The FIPS certification for The Covia Connector is for the Linux operating system, which is the primary OS being used by the Department of Defense. Covia has also started the FIPS certification process for Android, Windows and iOS operating systems, which is expected to be complete by early next year. In addition, Covia is going to have Google Glass under the FIPS certification for Android which will offer the first FIPS-certified Bluetooth headset for public safety. Covia has been in contact with the Secret Service who said they cannot currently use Bluetooth since there aren’t any FIPS certified Bluetooth headshots on the market. Covia’s certification for Google Glass will offer not only a Bluetooth device but the heads-up display as well.
In addition to FIPS certified encryption, the Covia Connector provides the following additional security features:
• A cyber sandbox ensuring that Connected Applications perform only the functions they are authorized based on the security rights of the device and the security access and current role of the individual using the device. All applications must be digitally signed by an authority designated by public safety to run inside the sandbox and will not run if tampered. This serves as an additional security layer on top of the FIPS encryption.
• An innovative key distribution method that enables the establishment of a secure perimeter, even when the network is under attack. This ensures that only the intended devices can join the network and that their access will terminate at the completion of the incident. It also enables the remote management of devices, including removing access to data already stored on the device.
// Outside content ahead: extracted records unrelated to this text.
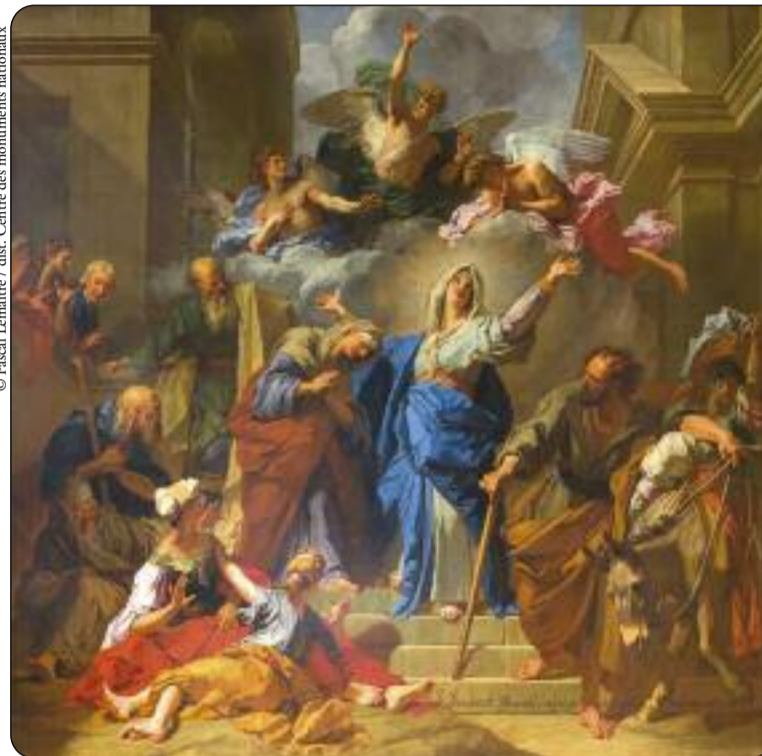
Jean Jouvenet, Le Magnificat , 1716. Huile sur toile. Paris, cathédrale Notre-Dame de Paris, dépôt du Louvre.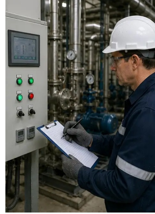
ফটো নং14. চূড়ান্ত রক্ষণাবেক্ষণ যাচাই সম্পাদিত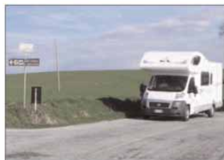
La differenza aerodinamica tra le tipologie dei motorhome, mansardati e semintegrali influisce non poco sui consumi, così come il traino e la presenza di ingombri sul profilo del tetto.

dato di categoria media, lungo circa 7 metri e con cinque persone a bordo, gravato di bagagli, biciclette e accessori classici (tendalino, portabici e via dicendo), pesa non meno di 3.500 kg. Ben più leggero un semintegrale da 6 metri con due sole persone a bordo: se non si esagera con accessori e bagagli, ci si può attestare sui 3.000 kg o poco più. Ebbene, questa differenza può davvero comportare qualche effetto benefico sui consumi.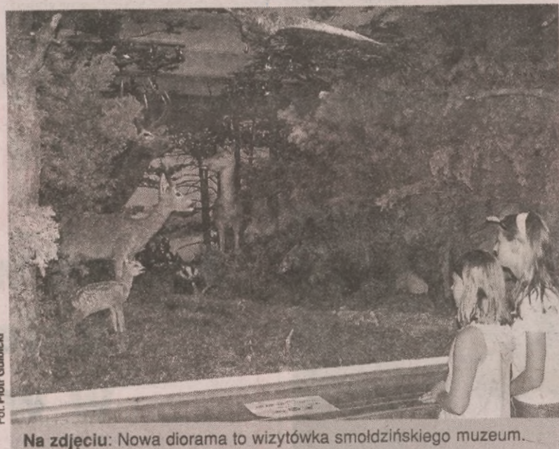
Na zdjęciu: Nowa diorama to wizytówka smoldzińskiego muzeum.

budować? – irytuje się R. Brodowski odpowiada na to ze spokojem, że lotnisko projektuje się i buduje 20 lat, aby potem służyło przez kolejnych 80 lat. Natomiast H. Poleszak mówi, że według ministerialnych wyliczeń utrzymanie takiego lotniska jak w Redzikowie, będzie kosztowało około 4,5 mln złotych rocznie. Wójt Chmiel już teraz myśli jak zarobić na całym okolicy lotniskowym otoczeniu, aby spółka zdołała utrzymać podniebną komunikację. (LL)

• A hardened platform that protects all applications running within its protected zone, versus the traditional method of setting up separate security processes for each specific application.
Additional features of the Covia Connector specifically critical to public safety include:
• Push-to-Talk (PTT) voice with 0.3 second latency on Wi-Fi, LTE and even 3G cellular networks that support one-to-many. Operates in conditions when VoIP (or VoLTE) is inoperable due to unreliable network connectivity or when people are talking over one another. Also enables the replay of messages.
• A “Pipes within Pipes” feature that aggregates the bandwidth of all networks the device has access to and seamlessly uses the remaining “pipes” if one network becomes unavailable.
• Dynamic Mastering™ that eliminates the need for 100 percent access to network servers and allows talk-around when the network-based servers and services are unavailable.
• When loaded on an LMR radio, enables that radio and LTE device to share a single network in a hybrid configuration where the LMR radio provides talk-around, reliable communication and “Mission Critical Voice,” while the broadband cellular provides “Mission Critical Data.”
• All information, including voice, is geo-tagged and time stamped for greater situational awareness, bringing other agencies or new incident commanders up to date and for after-action review.